Compressing Sound

Newton Developer Technical Information: Newton Programmer's Guide: 2.1 OS Addendum /: Chapter 7 - Sound / Using Sound

Compressing Sound
On the Newton 2.1 OS, you can play compressed sounds and record sound, compressing it on the fly. You control sound compression by setting slots in the sound frame; for a complete description of sound frame slots, see "Sound Frame". The key slots controlling sound compression include:

sndFrameType, specifying whether or not to use a codec
codecName, identifying the codec to use
bufferCount, setting how many codec buffers to allocate
bufferSize, setting the size of each codec buffer in bytes
compressionType, specifying the compression type if a codec is not used
samplingRate, specifying the number of samples per second to play or record
compressionRatio, an optional slot specifying the compression ratio for user interface updating
You can compress and decompress sound using one of the built-in codecs, as described in the following subsections.
In addition to using compression, you can control the resulting size of recorded sounds by varying the sampling rate used when recording. The highest quality sound results from using a sampling rate of 21600, however, this also uses the most storage. You can use lower sampling rates to decrease the size of the resulting sound object, with some loss of quality. Reasonable sampling rates are 8000 on the MessagePad 2000 unit and 10000 on the eMate 300 unit.
Note that playing back a sound at a sampling rate different from that at which it was recorded shifts the sound's pitch.

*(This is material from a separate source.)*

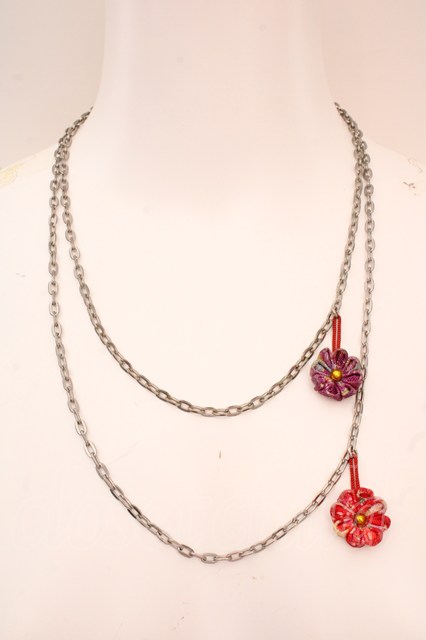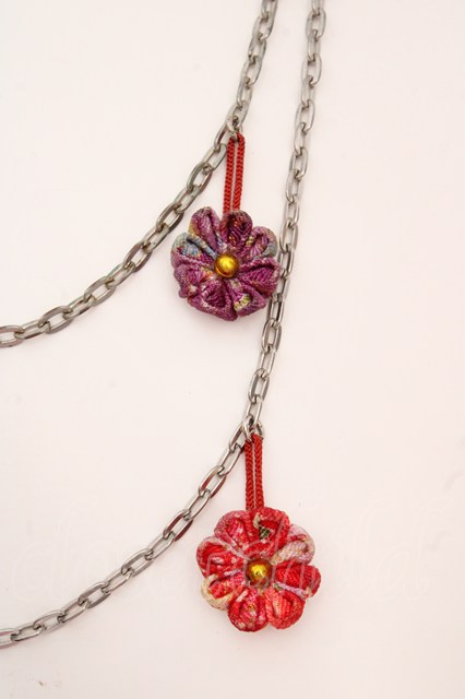 gouk / ちりめん細工花2連ネックレス シルバー×レッド×パープル O-26-04-20-075-GO-AC-IG-OS

Using Codecs to Compress and Decompress Sound
You can use one of several different codecs built into the Newton 2.1 OS to compress and decompress sounds. The codec mechanism makes use of intermediate buffers to hold the sound data, so that there are no skips in the sound caused by the system accessing VBO storage. You should use at least two buffers, and typically four buffers of the same size works well. The total size of all the buffers should be enough to hold 2-3 seconds of sound; so the size of the buffers will vary, depending on the sampling rate and the size of each sample.
For example, if the sampling rate is 8000 samples per second, and you are recording 16-bit samples, that yields 16 KB per second. A total buffer size of 40 KB would be adequate to handle the data. You could allocate four 10 KB buffers to satisfy this need. In the following examples, various values for buffer size are shown, depending on the sampling rate.
Note that if the sound sample data is not stored in a VBO, the buffers can be much smaller.
When using a codec, the samplingRate, compressionType, and dataType slots define the format of the data produced by decompression (for playback), or required for compression (for recording). They also define the format of the data in the intermediate buffers.
To compress or decompress sounds using the muLaw codec, set up the slots in the sound frame like this:
 {sndFrameType: 'codec, // use a codec

codecName: "TMuLawCodec", // select muLaw codec
bufferSize: 10000, // size of codec buffers
bufferCount: 4, // # of codec buffers
compressionType: kSampleLinear, // for playback
dataType: k16bit, // for playback

samples: mySamples, // compressed sound object
samplingRate: 8000, // set to any value you want
compressionRatio: 1, // for muLaw
 }
The muLaw codec compresses each 16-bit sample to 8 bits.
To use the IMA codec, set up the slots in the sound frame like this:
 {sndFrameType: 'codec, // use a codec

codecName: "TIMACodec", // select IMA codec
bufferSize: 12500, // size of codec buffers
bufferCount: 4, // # of codec buffers
compressionType: kSampleLinear, // for playback
dataType: k16bit, // for playback

samples: mySamples, // compressed sound object
samplingRate: 10000, // set to any value you want
compressionRatio: 64/34, // for IMA
 }
This example shows the same values as those used for the highest quality recording level on the Newton 2.1 devices (Music on the MessagePad 2000, and High on the eMate 300). A sampling rate of 8000 is used for the next lowest quality level (Voice 4K on the MessagePad 2000, and Low on the eMate 300).
The IMA codec compresses each block of 64 16-bit samples to 34 bytes, saving 73% over no compression.
To use the GSM codec, set up the slots in the sound frame like this:
 {sndFrameType: 'codec, // use a codec

codecName: "TGSMCodec", // select GSM codec
bufferSize: 10000, // size of codec buffers
bufferCount: 4, // # of codec buffers
compressionType: kSampleLinear, // for playback
dataType: k16bit, // for playback

samples: mySamples, // compressed sound object
samplingRate: 8000, // set to any value you want
compressionRatio: 160/33, // for GSM
 }
This example shows the same values as those used for the lowest quality recording level on the MessagePad 2000 device. Note that GSM is a mathematically intensive compression technique that works effectively only on fast processors, such as that used in the MessagePad 2000. It is possible to play GSM-encoded sounds on the eMate 300, but not to record them.
The GSM codec compresses each block of 160 16-bit samples to 33 bytes, saving 90% over no compression.